Inference

Inference in pysersic is performed using the numpyro package . Priors are expressed as numpyro distributions, see the example notebook for more details. We have a set of default inference methods, that are applied to both FitSingle and FitMulti, which are described below. They roughly increase in both accuracy and computational time.

Maximium a posteriori or finding the ‘best fit’

The quickest method is to find the best fit values using .find_MAP(). This produces a point estimate that corresponds to the maximum a-posteriori or the “best fit” parameter values. This can be useful for certain applications but the real power of pysersic lies in it’s ability to produce full posterior distributions, using the methods described below.

Laplace Approximation

The quickest method to produce a full posterior distribution is to use the Laplace approximation, which is called by using .estimate_posterior(method = 'laplace'). The Laplace Approximation assumes the posterior is Gaussian and is calculated by finding the maximum a-posteriori (MAP) and then calculating the curvature of the posterior at the MAP estimate. This method is inherently limited by the Gaussian approximation. In our testing a Gaussian approximation for the posterior is usually pretty safe however this may not be the case for all data sets. This method usually takes only 5-10 seconds longer than .find_MAP() and is a great place to start!

Variational Inference

The next set of methods are differing implementations of Variational inference. This is an alternative to traditional sampling methods, like MCMC or nested sampling, which aims to estimate the posterior by choosing a parameterized form and finding the best approximation. For example, assuming that each variable is independent and Gaussian and optimizing the mean and standard deviation for each. In this way the traditional sampling methods are recast as an optimization problems, which are often much quicker but may not be as accurate if the parameterized form is not a good approximation to the posterior. For a nice introductory blog post see here, or for a more technical introduction see here.
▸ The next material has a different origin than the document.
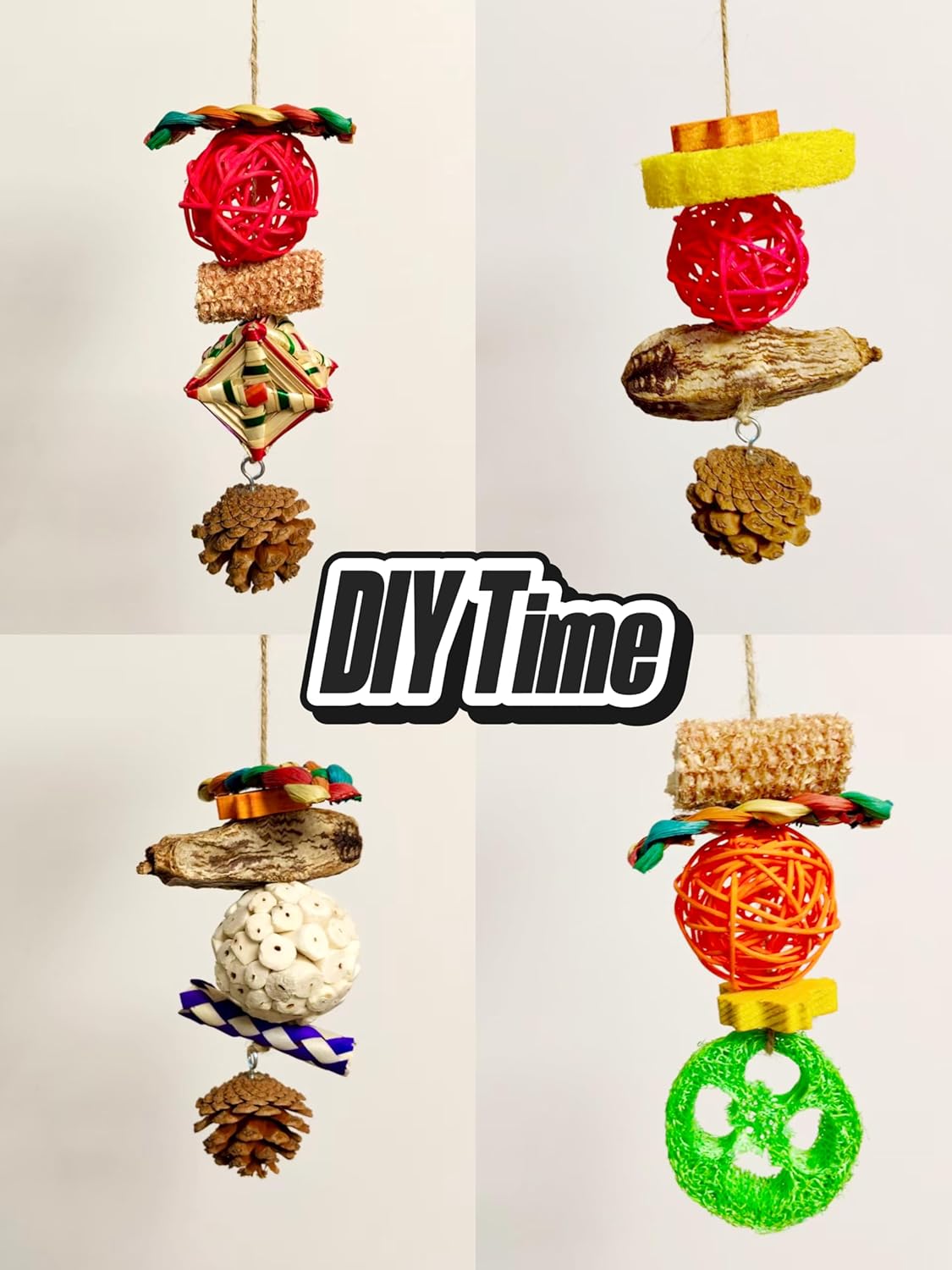 - 🌿 IGNITE NATURAL FORAGING INSTINCTS: The Crimson-bellied Conure toys for medium birds unleash their inner explorer! From crinkly loofah sponges to rugged pine cones with wooden pegs, each piece in our 10-piece set mimics nature’s puzzles. Watch them peck, shred, and problem-solve—turning snack time into a jungle survival challenge
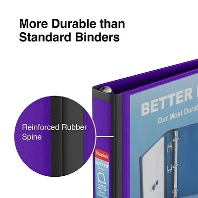 Documents can be safely stored in the Staples Better view binder with 1-inch D-rings, which features a rubberized reinforced spine and edges along the cover to protect the contents inside. The clear overlays let users design, print and insert a cover page and spine label for customized organization. The nonstick, archival-safe material ensures that ink or toner does not lift from pages so that they always look sharp.

We current have implemented two Variational inference methods. The first svi-mvn which uses a multi-variate normal distribution, optimizing the means and covariance matrix. In practice this is often very similar to the Laplace approximation described above. The second is svi-flow which utilizes a normalizing flow, specifically a block neural autoregressive flow (BNAF). This is a flexible description of the posterior based on a series of transforms of a simple distribution. This method can capture non-Gaussian distributions but is more computationally expensive.

MCMC

Good old MCMC but now with gradients! The default MCMC method implemented in pysersic is the No U-turn Sampler (NUTS) described in Hoffman & Gelman (2011). This is a gradient based sampler which greatly improves efficiency, especially for high dimensional datasets, like fitting multiple Sersic sources at once. This is implemented in the .sample() function. This method is usually the most robust and accurate but may also be the most computationally intensive. The default is to sample two chains with 1000 steps for warmup and 1000 steps for sampling, but these can be adapted easily.

Customization

The default inference methods we have implemented should work well in most cases but may not be suitable for all. If you are having trouble or seeing strange results feel free to reach out to us. For any experts in Bayesian statistics or numpyro, every fitter instance contains a method called .build_model() which returns a callable function specifying the numpyro model that can easily be slotted into any of the inference algorithms implemented in the library. Then it is still possible to take full advantage of the analysis programs we have written by instantiating a PySersicResults class and using the .injest_data() function.